Ciudad Madero, Tamaulipas / Redacción.-
Un inesperado y desolador suceso tuvo lugar el domingo por la tarde, cuando el techo de la iglesia de Santa Cruz en Ciudad Madero se desplomó sobre los asistentes durante un bautizo, dejando un saldo de al menos 10 fallecidos, incluidos tres niños, y 60 heridos.
El colapso ocurrió en el clímax del servicio religioso, cuando aproximadamente 100 personas se encontraban en la iglesia. “La gente estaba haciendo fila para tomar la comunión […] y fue entonces cuando el techo se derrumbó sobre ellos”, relató el periodista local Franc Contreras al programa Newsday de la BBC.
Los habitantes de la zona, conmovidos por la tragedia, acudieron en masa con herramientas para auxiliar en las labores de rescate, intentando liberar a las decenas atrapadas bajo el concreto y escombros.
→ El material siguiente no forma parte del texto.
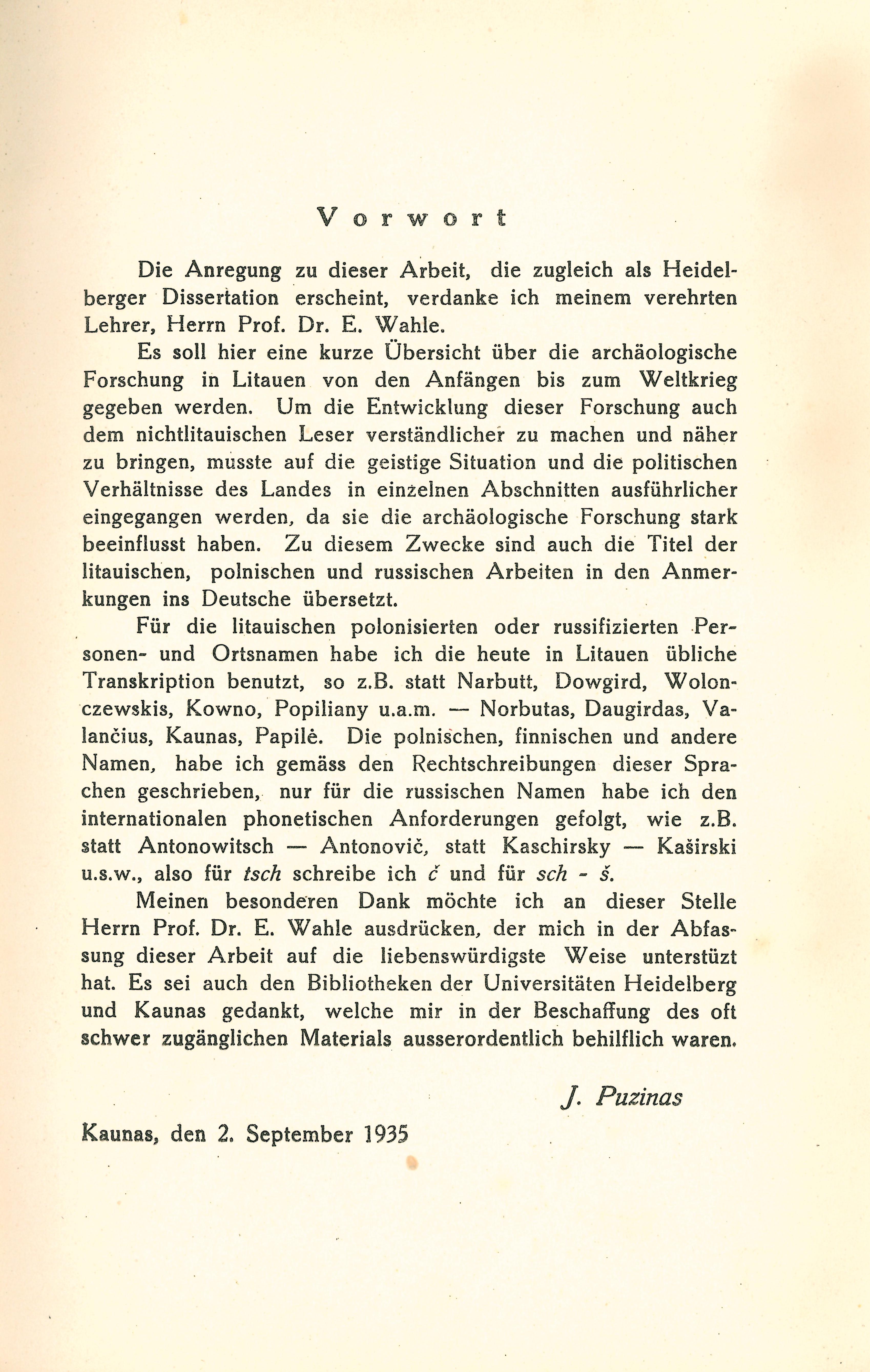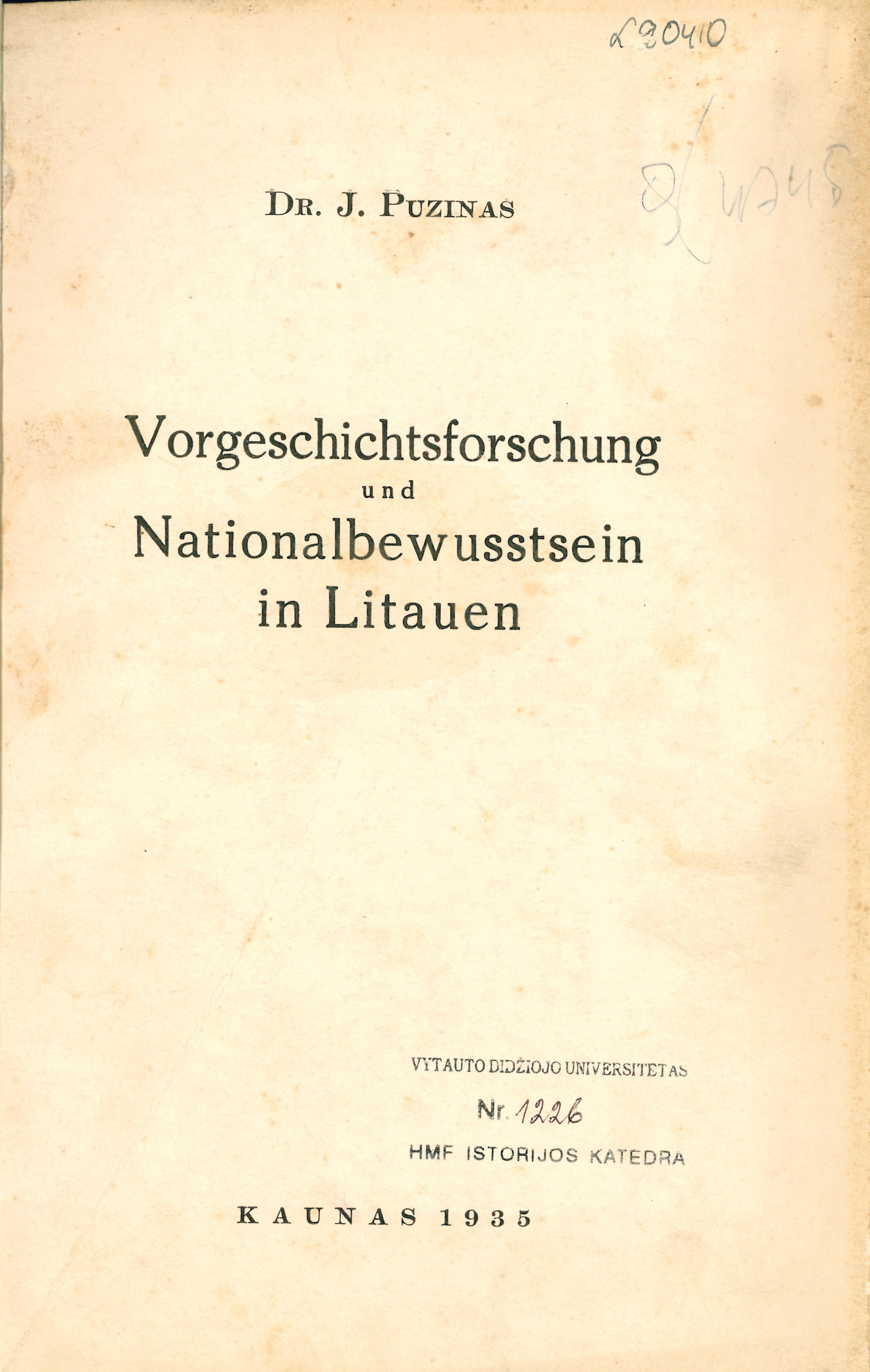 | Antraštė | Vorgeschichtsforschung und Nationalbewusstsein in Litauen / J. Puzinas. – Kaunas: [Autoriaus leidinys], 1935. – 134 p. [de] |

Posteriormente, equipos especializados arribaron al lugar, utilizando cámaras termográficas para asegurarse de no dejar a nadie atrás.
El gobernador de Tamaulipas confirmó que todos los desaparecidos han sido contabilizados, y aunque aún no está claro el motivo del colapso, se sospecha que pudieron haber sido “fallas estructurales”, según declaraciones del alcalde de Ciudad Madero.
Ángel Vargas, el sacerdote al mando del bautizo, expresó con dolor: “Vinieron a buscar el cielo para los pequeños y encontraron la eternidad. Lo que quiero es que las familias puedan estar en paz. Es increíble todo esto”.
Una de las supervivientes, Josefina Ramírez, compartió en redes sociales su experiencia, agradeciendo estar viva y relatando el miedo que sintió en esos momentos de terror. Añadiendo a la emoción de los testimonios, se informó que una persona atrapada pudo enviar un mensaje de WhatsApp, lo que permitió su localización y rescate.
El obispo de la diócesis de Tampico se solidarizó con las víctimas y manifestó que se encuentra en oración por ellas y sus familias. Mientras tanto, la comunidad y el país entero se unen en luto y solidaridad ante este trágico evento.